FInd the integral or the area under the curve and you will have total distance.
Callisto speed and velocity are different don't confuse them. The absolute value is speed and without absolute value you get velocity.
Velocity is a vector speed is a magnitude.
To my knowledge, area under this graph is NOT the total distance travelled. Or it's better for me to amend my answer . For t=0s - 8s velocity = (6-9)/(8-0) = -0.375 For t=8 -11s velocity = (0-6)/(11-8) = -2 Take the absolute value You'll see the the rate of travelling increases.
Area under the graph is equal to the Integral of velocity, which is displacement/ position. Which will give you the total are equalling total distance.
Please see the axis, it's y=distance , x=time, it's NOT y=velocity , x=time!
in this case velocity is Dx/dt = velocity. In the x direction.
It's the same it's only giving you the distance throughout the total time.
Stop and think. If the line is the rate at which the person is moving. Then the area under the rate is distance.
Perhaps you should read this http://answers.yahoo.com/question/index?qid=20080906075747AABsnoO
Yes view said article answer under the chosen answer, that guy is correct. It is total distance traveled since there is no negative distance.
Displacement is when you have both negative and positive distances traveled. Please hop off my case bro. I'm too pro.
@UofIMechEng , dont get a bee in your bonnet :) Noone was "on your case". Callisto was just trying to clarify their postion to avoid confusion. And yes, area under the velocity curve is displacement - given that we measure it in a straight line right?
Displacement as a straight line yes.
But to answer the question; im not really sure what the graph actually shows :) it looks to be constant velocities between walking and riding home.
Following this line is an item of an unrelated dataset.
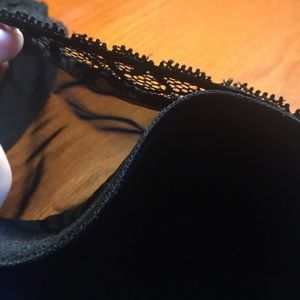 Beautiful black bra and underwear set. Nice lace detailing on edges of both the bra and panty.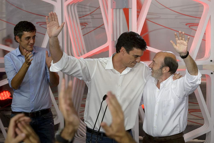 En las primarias celebradas en julio de ese año, Sánchez derrotó a los otros dos aspirantes: Eduardo Madina y José Antonio Pérez Tapias.

Without knowing the route taken, the displacement would seem rather moot to me tho
f(t) = 1/2 t + 9 ; t = [0,8) = 2t + c ; t = (8,10] havent the time to determine "c" tho
The graph shows that at time=0 (call this the start time), you are 9 blocks from home. If you look carefully, at time= 3 minutes the graph crosses 8 blocks. That means you are walking 1 block every 3 minutes. At this rate (the slope of the line) it will take you 27 minutes to get home. But at time = 8.5 minutes you get in a car and get home in a total of 11 minutes. Notice that the car is much faster, and the slope of the line is much steeper.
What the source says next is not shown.